* [Saved entries]:
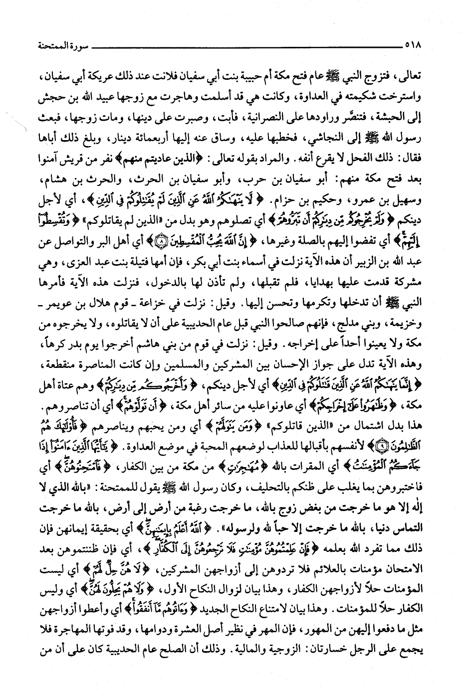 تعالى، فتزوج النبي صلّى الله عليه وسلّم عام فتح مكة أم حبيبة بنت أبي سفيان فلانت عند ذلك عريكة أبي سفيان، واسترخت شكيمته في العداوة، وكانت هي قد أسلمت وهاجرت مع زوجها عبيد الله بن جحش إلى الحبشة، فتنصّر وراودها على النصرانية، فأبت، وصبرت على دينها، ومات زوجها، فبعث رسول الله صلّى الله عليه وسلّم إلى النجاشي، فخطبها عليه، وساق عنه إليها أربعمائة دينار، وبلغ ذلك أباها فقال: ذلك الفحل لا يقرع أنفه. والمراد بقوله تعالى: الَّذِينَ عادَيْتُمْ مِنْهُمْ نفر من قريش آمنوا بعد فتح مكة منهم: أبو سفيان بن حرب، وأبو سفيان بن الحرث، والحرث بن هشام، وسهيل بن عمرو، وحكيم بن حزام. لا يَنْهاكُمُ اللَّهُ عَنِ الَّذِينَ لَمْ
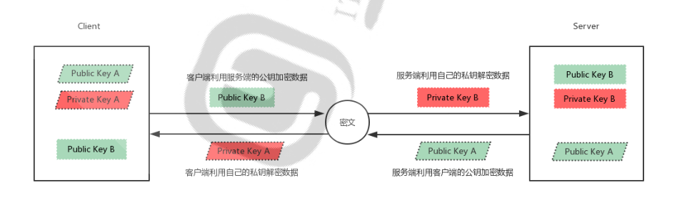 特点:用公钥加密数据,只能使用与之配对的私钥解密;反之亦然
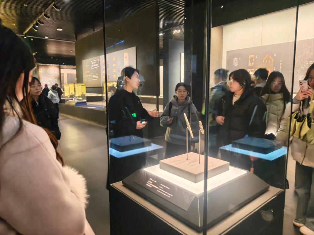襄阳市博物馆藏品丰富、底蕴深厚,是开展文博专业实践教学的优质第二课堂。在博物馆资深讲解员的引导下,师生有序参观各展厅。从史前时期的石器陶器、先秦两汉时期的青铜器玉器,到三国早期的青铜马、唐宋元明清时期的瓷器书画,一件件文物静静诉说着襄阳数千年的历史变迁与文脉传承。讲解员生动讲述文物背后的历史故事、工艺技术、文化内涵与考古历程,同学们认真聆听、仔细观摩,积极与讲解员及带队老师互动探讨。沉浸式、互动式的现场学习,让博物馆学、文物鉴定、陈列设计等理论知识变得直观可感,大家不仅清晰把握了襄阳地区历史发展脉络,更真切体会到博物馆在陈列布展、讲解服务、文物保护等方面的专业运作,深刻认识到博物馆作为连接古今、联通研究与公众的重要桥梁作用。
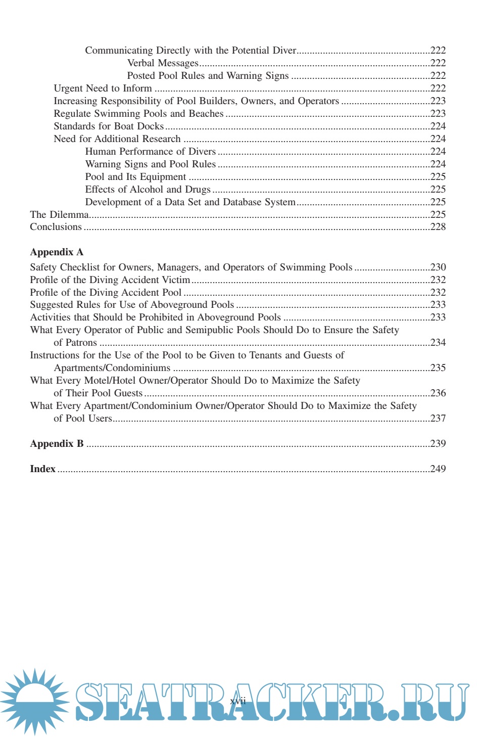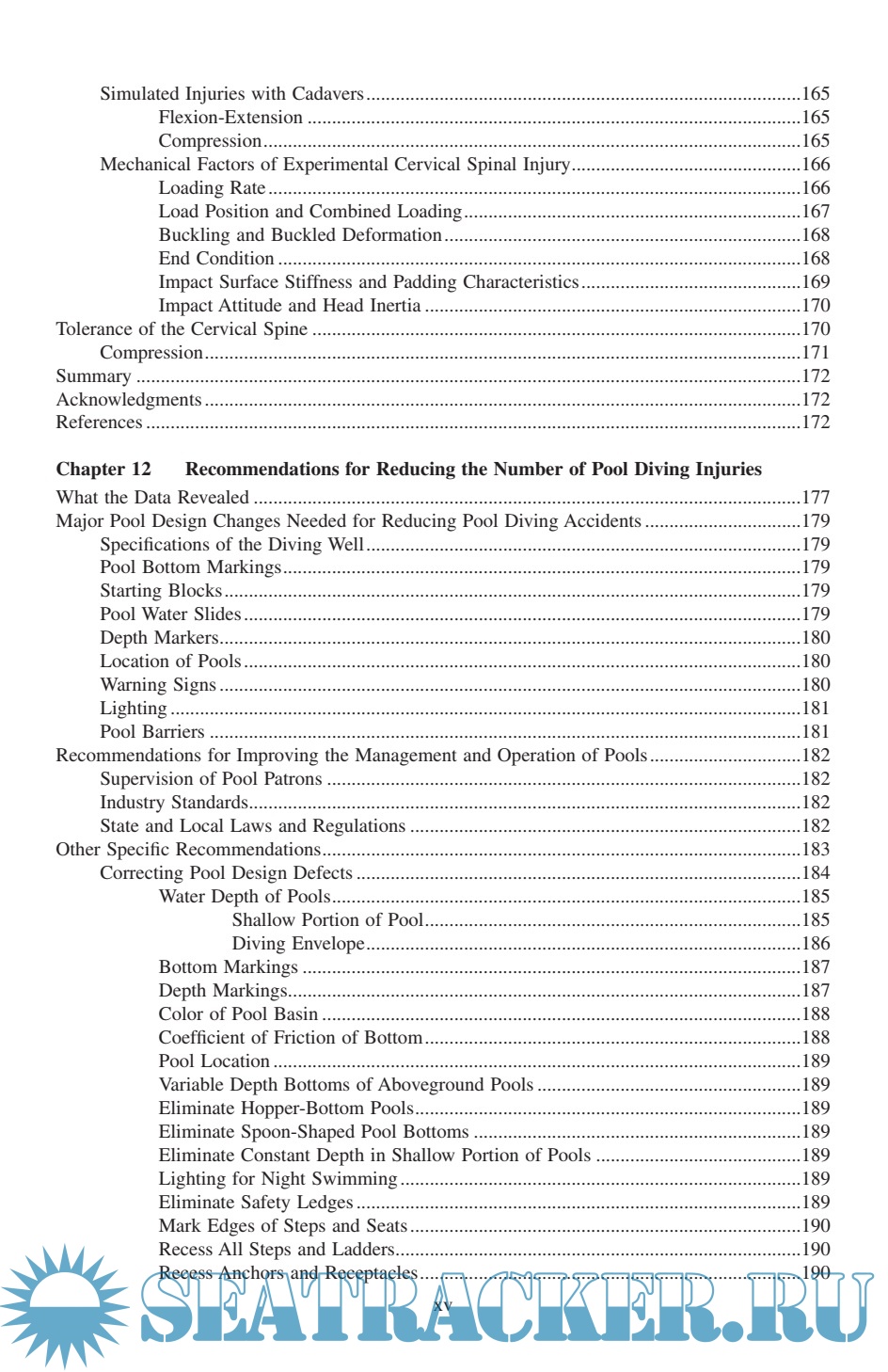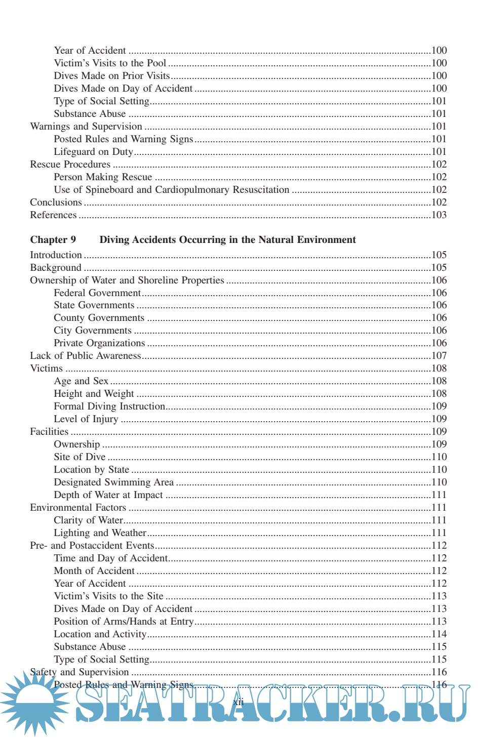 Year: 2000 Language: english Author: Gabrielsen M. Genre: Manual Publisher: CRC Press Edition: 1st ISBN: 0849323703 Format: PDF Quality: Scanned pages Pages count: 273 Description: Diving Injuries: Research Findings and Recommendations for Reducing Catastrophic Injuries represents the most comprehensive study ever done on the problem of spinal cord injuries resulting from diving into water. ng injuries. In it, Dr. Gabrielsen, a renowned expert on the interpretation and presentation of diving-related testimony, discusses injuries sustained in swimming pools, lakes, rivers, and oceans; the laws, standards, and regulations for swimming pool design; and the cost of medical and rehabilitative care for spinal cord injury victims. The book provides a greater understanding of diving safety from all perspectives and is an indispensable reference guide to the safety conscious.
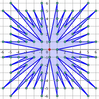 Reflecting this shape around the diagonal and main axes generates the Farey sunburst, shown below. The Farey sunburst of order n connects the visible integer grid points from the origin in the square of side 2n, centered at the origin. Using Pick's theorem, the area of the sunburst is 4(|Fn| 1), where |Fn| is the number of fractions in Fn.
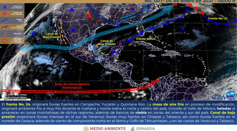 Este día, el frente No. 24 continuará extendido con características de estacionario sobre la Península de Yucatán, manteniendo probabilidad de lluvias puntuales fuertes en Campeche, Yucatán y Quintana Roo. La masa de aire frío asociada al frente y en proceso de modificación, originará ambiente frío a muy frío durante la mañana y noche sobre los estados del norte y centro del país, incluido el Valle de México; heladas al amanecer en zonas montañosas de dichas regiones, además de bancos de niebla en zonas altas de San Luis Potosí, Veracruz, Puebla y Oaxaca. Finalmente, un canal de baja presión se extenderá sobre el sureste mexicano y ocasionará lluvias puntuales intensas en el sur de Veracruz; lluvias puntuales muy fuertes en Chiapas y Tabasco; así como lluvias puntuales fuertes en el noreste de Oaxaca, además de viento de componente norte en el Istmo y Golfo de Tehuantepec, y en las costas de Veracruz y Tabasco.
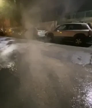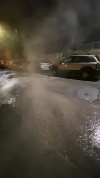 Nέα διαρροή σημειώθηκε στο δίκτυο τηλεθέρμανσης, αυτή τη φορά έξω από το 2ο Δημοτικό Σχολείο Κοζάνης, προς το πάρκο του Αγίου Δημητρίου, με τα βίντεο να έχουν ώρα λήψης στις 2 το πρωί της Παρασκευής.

* [Task details]:
Print every record above exactly, with no pictures.

* [Completed task]:
 تعالى، فتزوج النبي صلّى الله عليه وسلّم عام فتح مكة أم حبيبة بنت أبي سفيان فلانت عند ذلك عريكة أبي سفيان، واسترخت شكيمته في العداوة، وكانت هي قد أسلمت وهاجرت مع زوجها عبيد الله بن جحش إلى الحبشة، فتنصّر وراودها على النصرانية، فأبت، وصبرت على دينها، ومات زوجها، فبعث رسول الله صلّى الله عليه وسلّم إلى النجاشي، فخطبها عليه، وساق عنه إليها أربعمائة دينار، وبلغ ذلك أباها فقال: ذلك الفحل لا يقرع أنفه. والمراد بقوله تعالى: الَّذِينَ عادَيْتُمْ مِنْهُمْ نفر من قريش آمنوا بعد فتح مكة منهم: أبو سفيان بن حرب، وأبو سفيان بن الحرث، والحرث بن هشام، وسهيل بن عمرو، وحكيم بن حزام. لا يَنْهاكُمُ اللَّهُ عَنِ الَّذِينَ لَمْ
 特点:用公钥加密数据,只能使用与之配对的私钥解密;反之亦然
襄阳市博物馆藏品丰富、底蕴深厚,是开展文博专业实践教学的优质第二课堂。在博物馆资深讲解员的引导下,师生有序参观各展厅。从史前时期的石器陶器、先秦两汉时期的青铜器玉器,到三国早期的青铜马、唐宋元明清时期的瓷器书画,一件件文物静静诉说着襄阳数千年的历史变迁与文脉传承。讲解员生动讲述文物背后的历史故事、工艺技术、文化内涵与考古历程,同学们认真聆听、仔细观摩,积极与讲解员及带队老师互动探讨。沉浸式、互动式的现场学习,让博物馆学、文物鉴定、陈列设计等理论知识变得直观可感,大家不仅清晰把握了襄阳地区历史发展脉络,更真切体会到博物馆在陈列布展、讲解服务、文物保护等方面的专业运作,深刻认识到博物馆作为连接古今、联通研究与公众的重要桥梁作用。
 Year: 2000 Language: english Author: Gabrielsen M. Genre: Manual Publisher: CRC Press Edition: 1st ISBN: 0849323703 Format: PDF Quality: Scanned pages Pages count: 273 Description: Diving Injuries: Research Findings and Recommendations for Reducing Catastrophic Injuries represents the most comprehensive study ever done on the problem of spinal cord injuries resulting from diving into water. ng injuries. In it, Dr. Gabrielsen, a renowned expert on the interpretation and presentation of diving-related testimony, discusses injuries sustained in swimming pools, lakes, rivers, and oceans; the laws, standards, and regulations for swimming pool design; and the cost of medical and rehabilitative care for spinal cord injury victims. The book provides a greater understanding of diving safety from all perspectives and is an indispensable reference guide to the safety conscious.
 Reflecting this shape around the diagonal and main axes generates the Farey sunburst, shown below. The Farey sunburst of order n connects the visible integer grid points from the origin in the square of side 2n, centered at the origin. Using Pick's theorem, the area of the sunburst is 4(|Fn| 1), where |Fn| is the number of fractions in Fn.
 Este día, el frente No. 24 continuará extendido con características de estacionario sobre la Península de Yucatán, manteniendo probabilidad de lluvias puntuales fuertes en Campeche, Yucatán y Quintana Roo. La masa de aire frío asociada al frente y en proceso de modificación, originará ambiente frío a muy frío durante la mañana y noche sobre los estados del norte y centro del país, incluido el Valle de México; heladas al amanecer en zonas montañosas de dichas regiones, además de bancos de niebla en zonas altas de San Luis Potosí, Veracruz, Puebla y Oaxaca. Finalmente, un canal de baja presión se extenderá sobre el sureste mexicano y ocasionará lluvias puntuales intensas en el sur de Veracruz; lluvias puntuales muy fuertes en Chiapas y Tabasco; así como lluvias puntuales fuertes en el noreste de Oaxaca, además de viento de componente norte en el Istmo y Golfo de Tehuantepec, y en las costas de Veracruz y Tabasco.
 Nέα διαρροή σημειώθηκε στο δίκτυο τηλεθέρμανσης, αυτή τη φορά έξω από το 2ο Δημοτικό Σχολείο Κοζάνης, προς το πάρκο του Αγίου Δημητρίου, με τα βίντεο να έχουν ώρα λήψης στις 2 το πρωί της Παρασκευής.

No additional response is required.